Task brief
Looking at the listing below, retype exactly the lines starting at the one containing "Esta elegante blusa" and ending at the one containing "Questa doppia fibbia", both included, and nothing else.

Information given
--- START ---

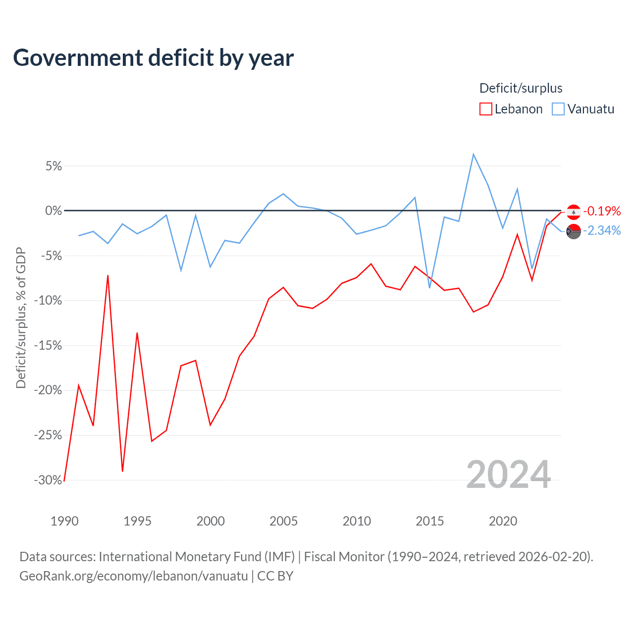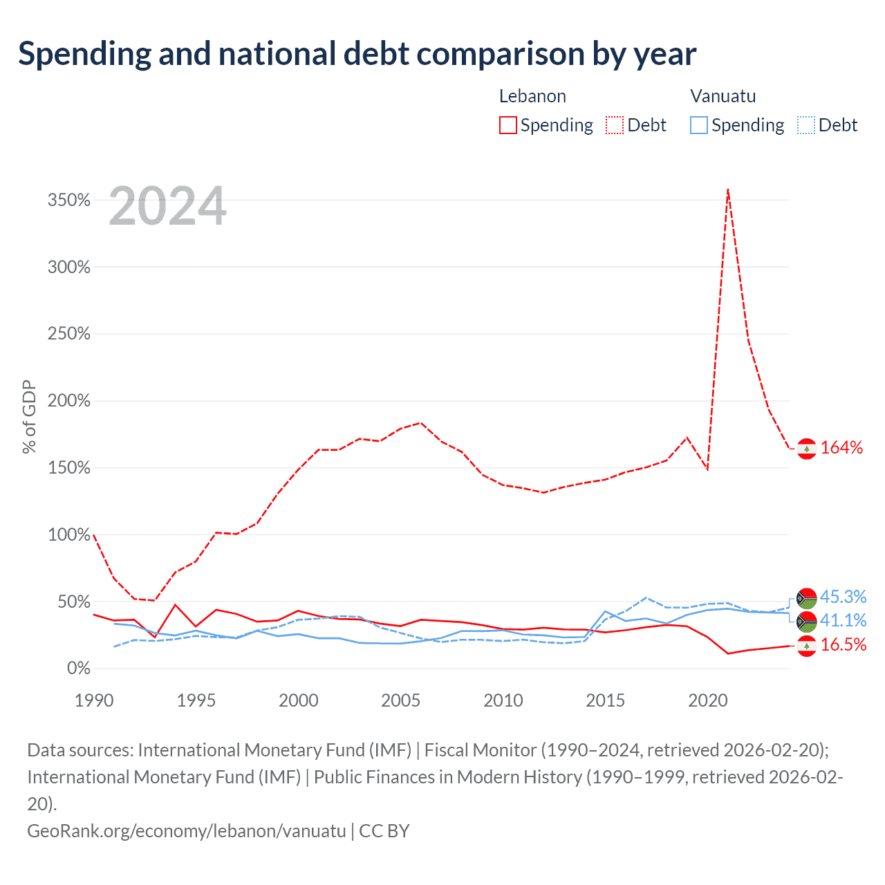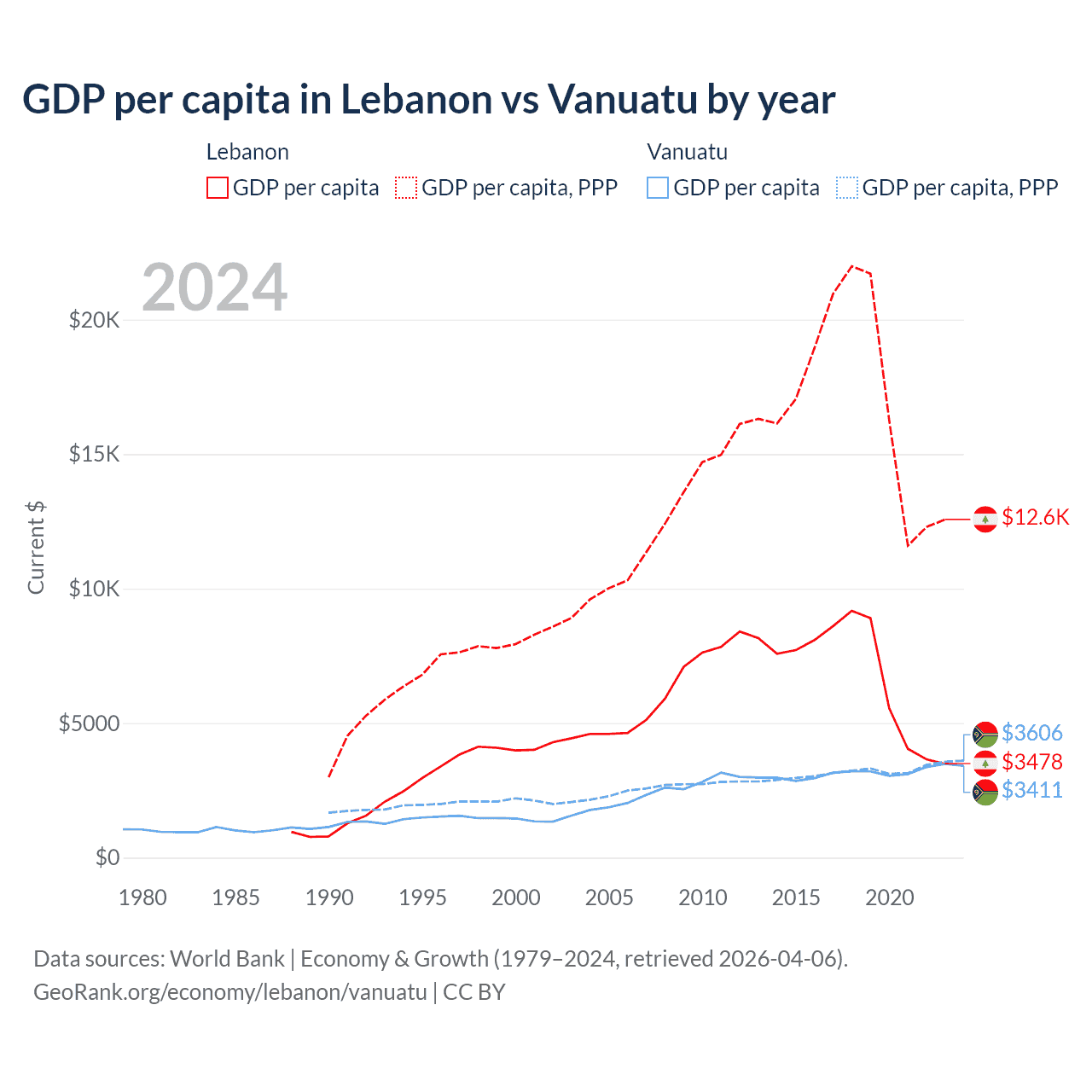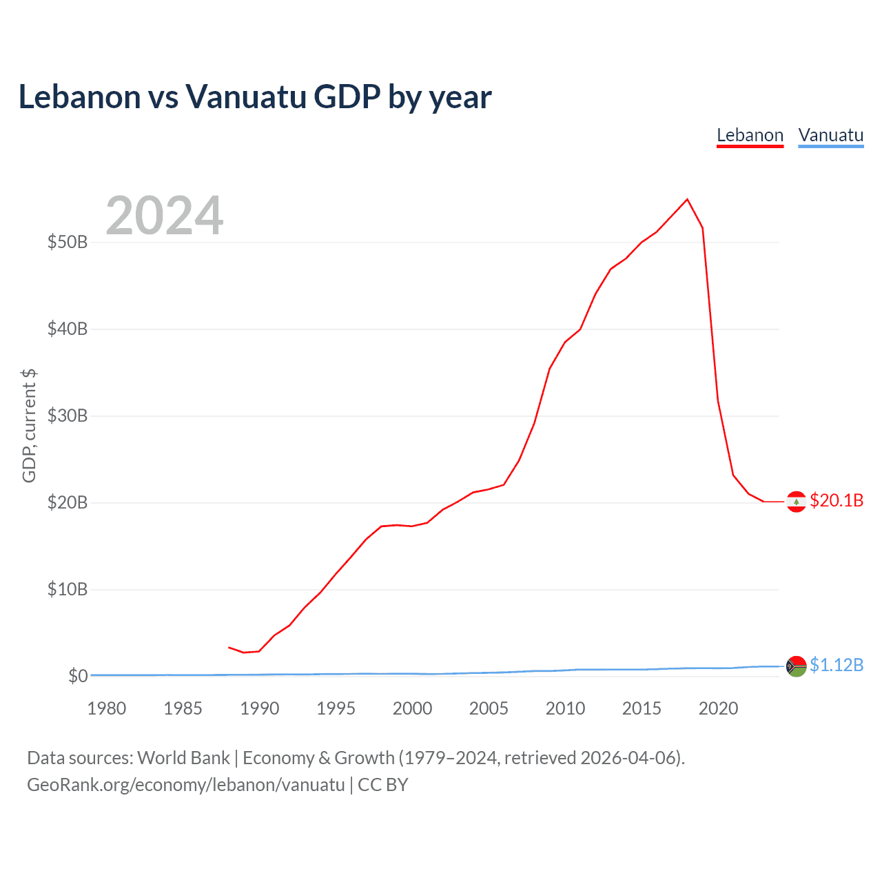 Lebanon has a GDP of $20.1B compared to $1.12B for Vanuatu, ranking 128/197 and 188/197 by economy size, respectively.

--- END ---
--- START ---

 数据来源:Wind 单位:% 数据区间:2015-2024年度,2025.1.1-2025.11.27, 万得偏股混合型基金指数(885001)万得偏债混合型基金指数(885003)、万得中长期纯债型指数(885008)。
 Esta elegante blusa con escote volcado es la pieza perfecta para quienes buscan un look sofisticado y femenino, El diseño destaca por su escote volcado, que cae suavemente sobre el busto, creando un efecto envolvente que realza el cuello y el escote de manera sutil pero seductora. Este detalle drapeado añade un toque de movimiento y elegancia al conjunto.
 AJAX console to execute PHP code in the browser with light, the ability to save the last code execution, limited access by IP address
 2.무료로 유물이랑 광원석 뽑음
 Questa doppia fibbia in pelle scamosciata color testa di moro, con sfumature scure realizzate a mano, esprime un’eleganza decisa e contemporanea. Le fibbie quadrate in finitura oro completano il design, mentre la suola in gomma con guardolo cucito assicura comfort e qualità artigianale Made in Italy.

--- END ---

Exercise answer
 Esta elegante blusa con escote volcado es la pieza perfecta para quienes buscan un look sofisticado y femenino, El diseño destaca por su escote volcado, que cae suavemente sobre el busto, creando un efecto envolvente que realza el cuello y el escote de manera sutil pero seductora. Este detalle drapeado añade un toque de movimiento y elegancia al conjunto.
 AJAX console to execute PHP code in the browser with light, the ability to save the last code execution, limited access by IP address
 2.무료로 유물이랑 광원석 뽑음
 Questa doppia fibbia in pelle scamosciata color testa di moro, con sfumature scure realizzate a mano, esprime un’eleganza decisa e contemporanea. Le fibbie quadrate in finitura oro completano il design, mentre la suola in gomma con guardolo cucito assicura comfort e qualità artigianale Made in Italy.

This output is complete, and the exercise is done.